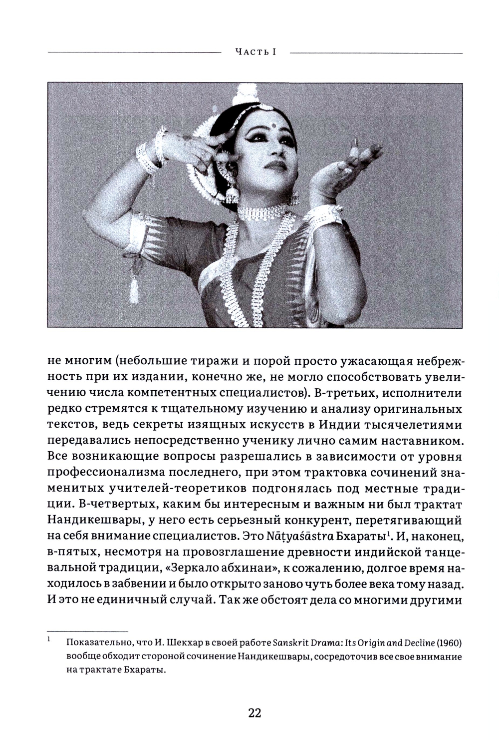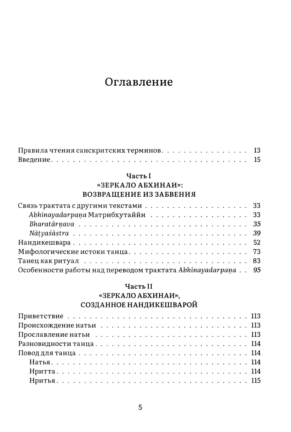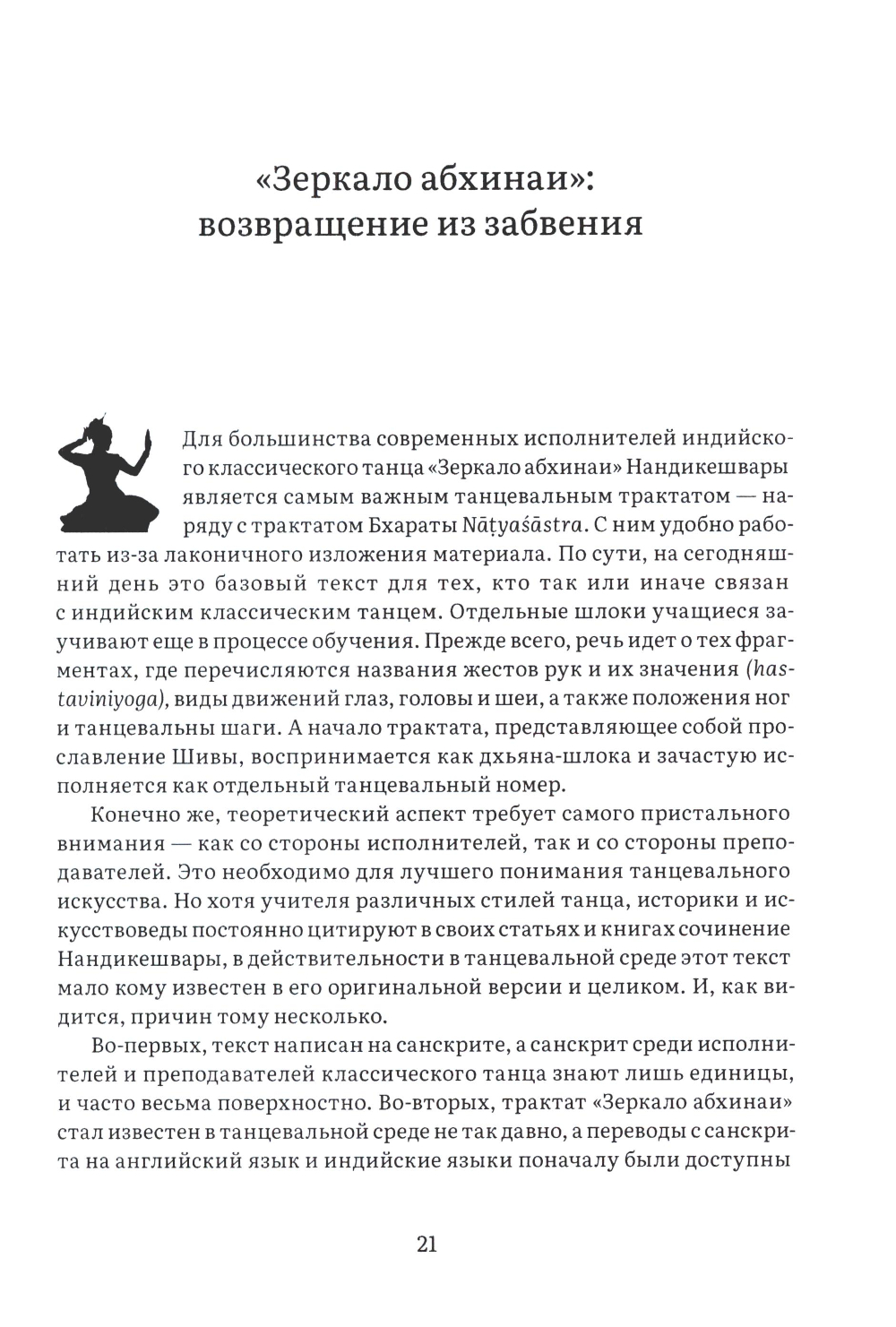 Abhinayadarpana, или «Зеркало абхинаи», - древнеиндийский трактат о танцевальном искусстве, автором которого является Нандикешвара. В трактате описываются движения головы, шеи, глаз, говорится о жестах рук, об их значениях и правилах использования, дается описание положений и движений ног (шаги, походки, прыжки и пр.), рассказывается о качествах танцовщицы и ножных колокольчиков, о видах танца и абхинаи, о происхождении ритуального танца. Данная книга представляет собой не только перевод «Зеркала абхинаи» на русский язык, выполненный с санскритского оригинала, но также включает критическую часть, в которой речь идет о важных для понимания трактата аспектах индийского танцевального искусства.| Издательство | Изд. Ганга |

::::::::

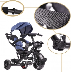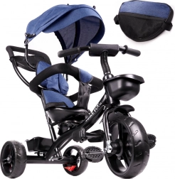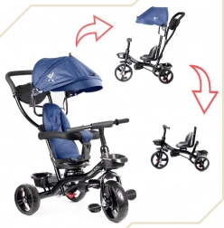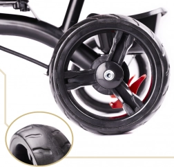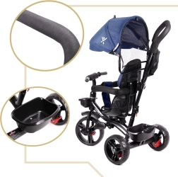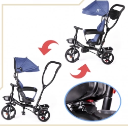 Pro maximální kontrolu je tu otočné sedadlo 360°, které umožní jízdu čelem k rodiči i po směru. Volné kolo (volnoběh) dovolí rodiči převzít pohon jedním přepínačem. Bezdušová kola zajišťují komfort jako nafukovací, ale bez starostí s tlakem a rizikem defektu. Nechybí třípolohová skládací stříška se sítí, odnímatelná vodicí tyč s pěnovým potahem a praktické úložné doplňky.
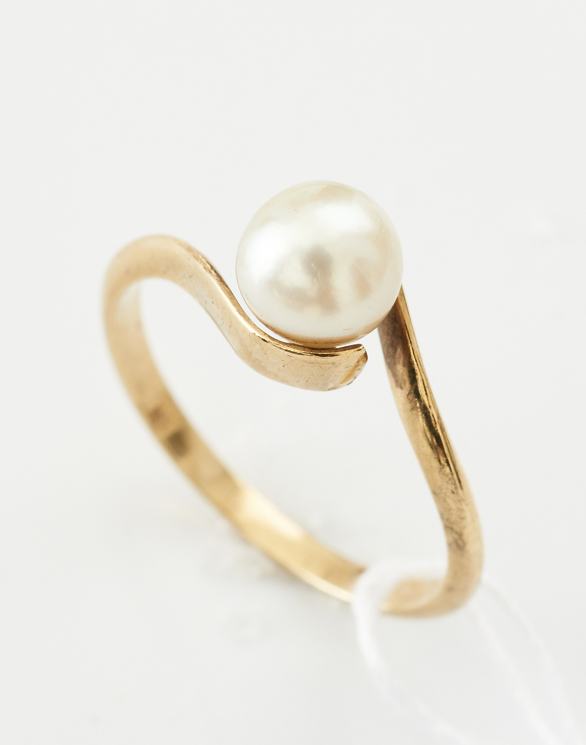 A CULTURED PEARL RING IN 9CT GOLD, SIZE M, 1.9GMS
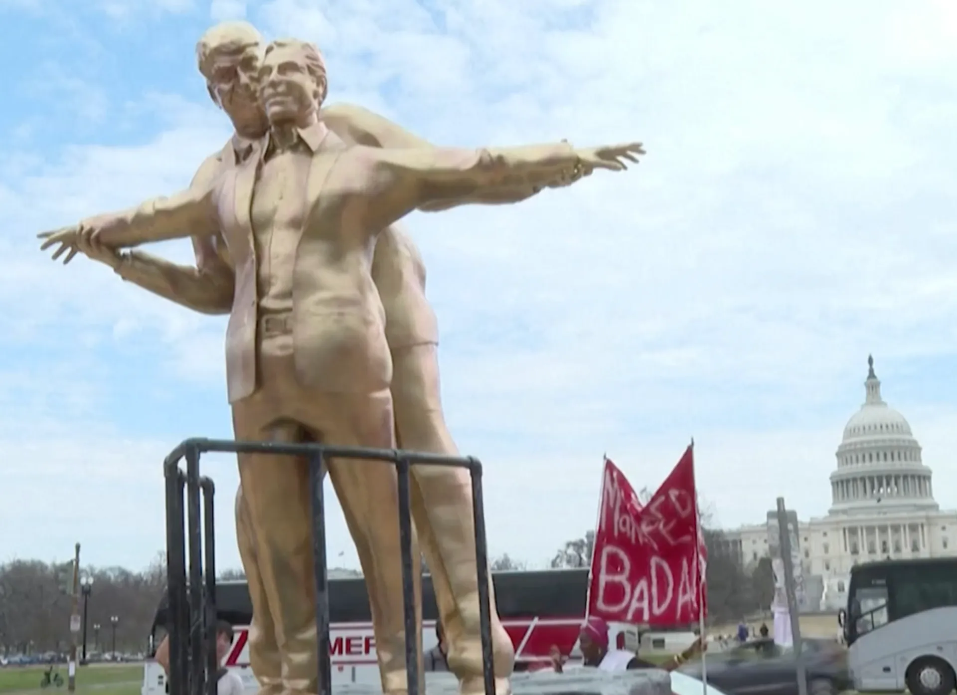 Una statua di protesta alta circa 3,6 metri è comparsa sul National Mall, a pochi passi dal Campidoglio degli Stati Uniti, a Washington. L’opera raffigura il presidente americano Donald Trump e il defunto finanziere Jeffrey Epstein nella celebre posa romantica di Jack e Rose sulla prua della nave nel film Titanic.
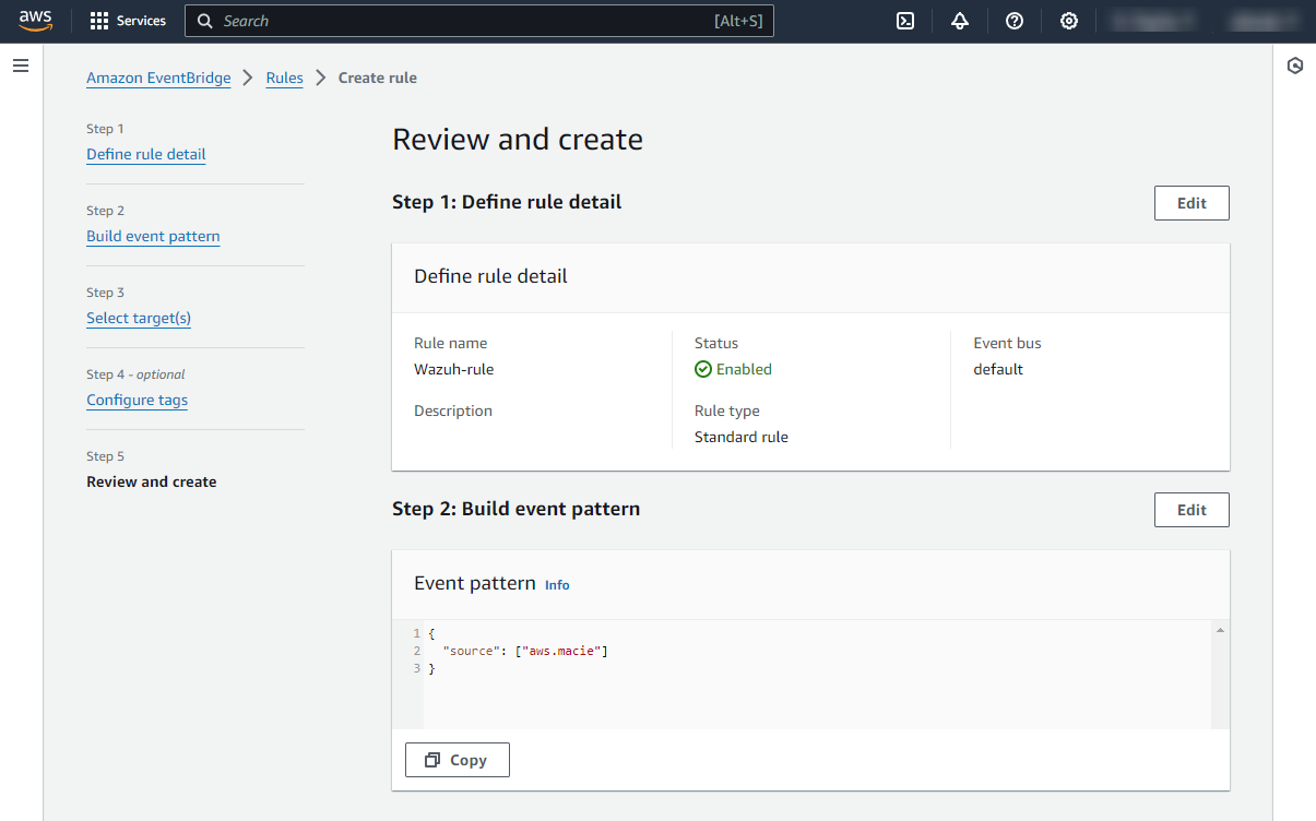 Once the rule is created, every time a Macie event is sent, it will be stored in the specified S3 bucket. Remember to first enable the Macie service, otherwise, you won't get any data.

::::::::

* **The problem**
In the entries above, find the line with "Una statua di" and the line with "Once the rule". Write out exactly those two lines and every line between them, pictures excluded.

* **Result**
 Una statua di protesta alta circa 3,6 metri è comparsa sul National Mall, a pochi passi dal Campidoglio degli Stati Uniti, a Washington. L’opera raffigura il presidente americano Donald Trump e il defunto finanziere Jeffrey Epstein nella celebre posa romantica di Jack e Rose sulla prua della nave nel film Titanic.
 Once the rule is created, every time a Macie event is sent, it will be stored in the specified S3 bucket. Remember to first enable the Macie service, otherwise, you won't get any data.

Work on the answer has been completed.